World Bank Okays $750m For Nigeria’s Power Sector

 World Bank Okays $750m For Nigeria’s Power Sector

The World Bank has approved a $750 million International Development Association credit for Nigeria’s Power Sector Recovery Operation.

The World Bank revealed this in a statement issued on Wednesday.

The statement quoted World Bank Country Director for Nigeria, Shubham Chaudhuri, as saying that about 47 per cent of Nigerians have no access to grid electricity and those who had access, faced regular power cuts.

The statement read in part, “Lack of reliable power has stifled economic activity and private investment and job creation. This is ultimately what is needed to lift 100 million Nigerians out of poverty.”

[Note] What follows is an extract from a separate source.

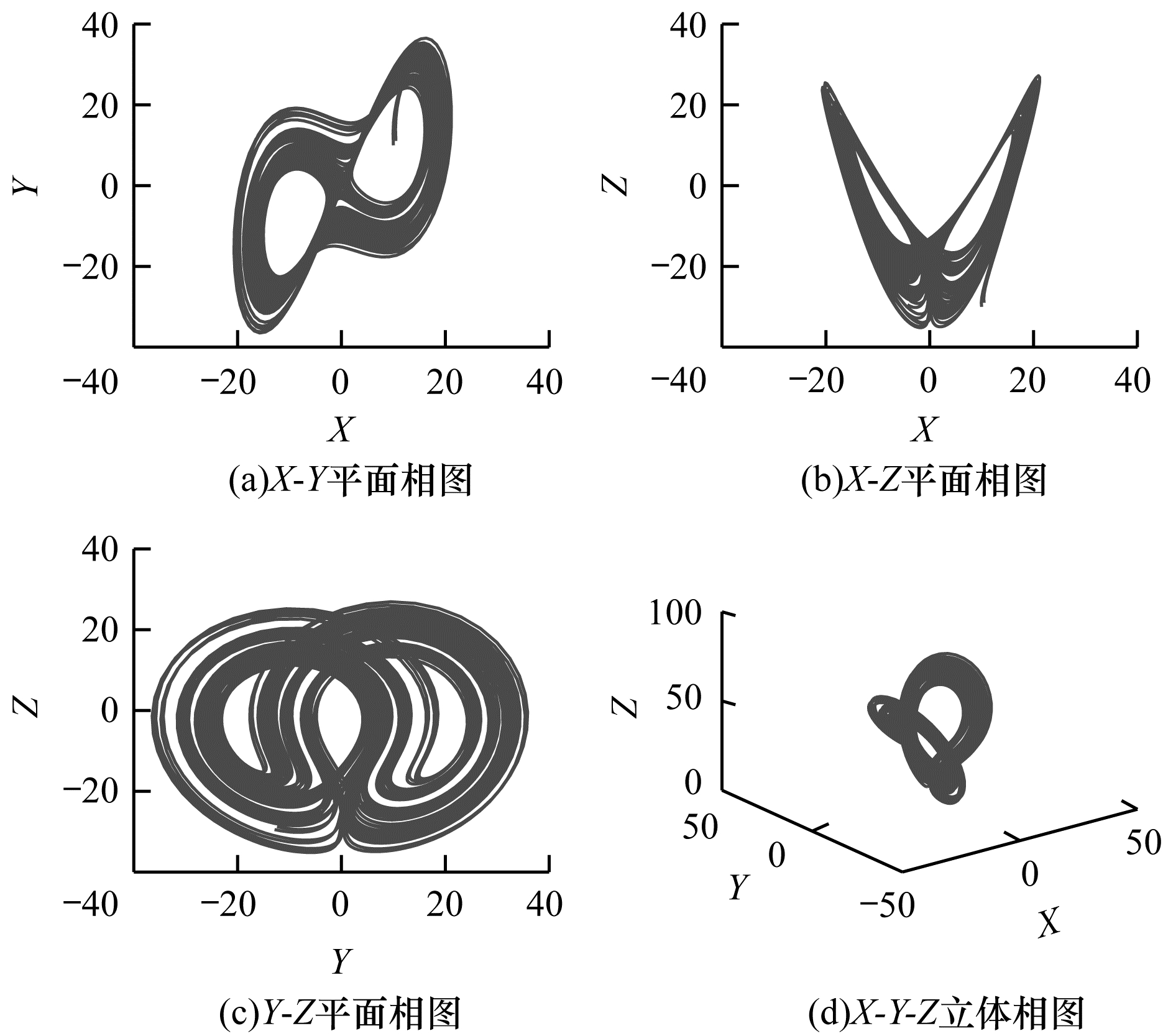 由图 2仿真的Lyapunov指数可知,此时三维混沌系统处于混沌状态,将其产生的三组混沌序列分别记为X、Y、Z,可以得到图 3所示的混沌吸引子平面相图和立体相图。

“The objective of this operation is to help turn around the power sector and set it on a fiscally sustainable path. This is particularly urgent at a time when the government needs all the fiscal resources it can marshal to help protect lives and livelihoods amid the COVID-19 pandemic.”

“The PSRO is expected to increase annual electricity supplied to the distribution grid, enhance power sector financial viability while reducing annual tariff shortfalls and protecting the poor from the impact of tariff adjustments.”

“This will enable the turnaround of power sector while helping the Federal Government to redirect large fiscal resources from highly regressive tariff shortfall financing towards critical crisis-responsive and pro-poor expenditures. It will also increase public awareness about ongoing power sector reforms and performance.”

“Specifically, the PSRO will ensure that 4,500 mwh/hour of electricity is supplied to the distribution grid by 2022 by strengthening the regulatory, policy and financing framework.”

“It will also enhance the accountability and financial viability of the sector, helping the sector create a track record of sustainable operation necessary for unlocking much needed private investments in the future.”

It further stated that access to stable electricity was one of the major constraints for the private sector in Nigeria.